I couldn't get him to turn around... Its a nice picture of his bum?.... I guess...? lol..









I had to pick him up and turn him around... and... he still wouldn't let me take a good picture of him. Oh well..









This is Rolo. My long hair pied black buck. He's not as tame as Reeces, but I'm keeping him because I like his floofiness.




































I'll add more pictures later.. I don't have any more time at the moment.


----------



## fancyteddy1 (Mar 14, 2013)

Oohh Reeces is so cute!

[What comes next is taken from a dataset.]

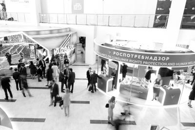 9月11日,俄羅斯符拉迪沃斯托克,人們在參觀東方經(jīng)濟論壇上的展位。新華社發(fā)

Love the colour.. Give him to me!  also I have to second your love for the third buck's floofiness!


----------



## Awaiting_Abyss (Nov 19, 2012)

Reeces is mine.  You can't have him!

Here is Aeira. She is Kristell and Avicii's daughter, so she is sister to Rolo and Ritz.



























Here is Nemo. Named such because her left ear is tiny and notched... she was born like this. She's the runt of the litter... I didn't expect her to live to begin with, but she did. She will always be a pet.


----------



## Awaiting_Abyss (Nov 19, 2012)

Here is the new Triona.. She is named after her mother who I still miss dearly.... :/ http://www.fancymicebreeders.com/phpBB3/viewtopic.php?f=78&t=20882
I believe Triona (2nd) is a lavender? or lilac? banded doe.


----------



## Awaiting_Abyss (Nov 19, 2012)

The following mice are not of the same parents as the ones above. They do share the same grandfather though.

This is Vena, a broken black doe. She is the sister of Meriel and Ffion.


















This is Meriel, another broken black doe. She is sister to Vena and Ffion.









And this is Ffion, another broken black doe and sister to Vena and Meriel.


----------



## Miceandmore64 (Jul 16, 2013)

Awwh! By "naturally tame" I would say as baby's from day one or two they were handled at least twice a day and this continues into he/she sold them.


----------



## Awaiting_Abyss (Nov 19, 2012)

I raised all these mice. I did hold them all daily, but some lapped up the attention and others didn't care for it.


----------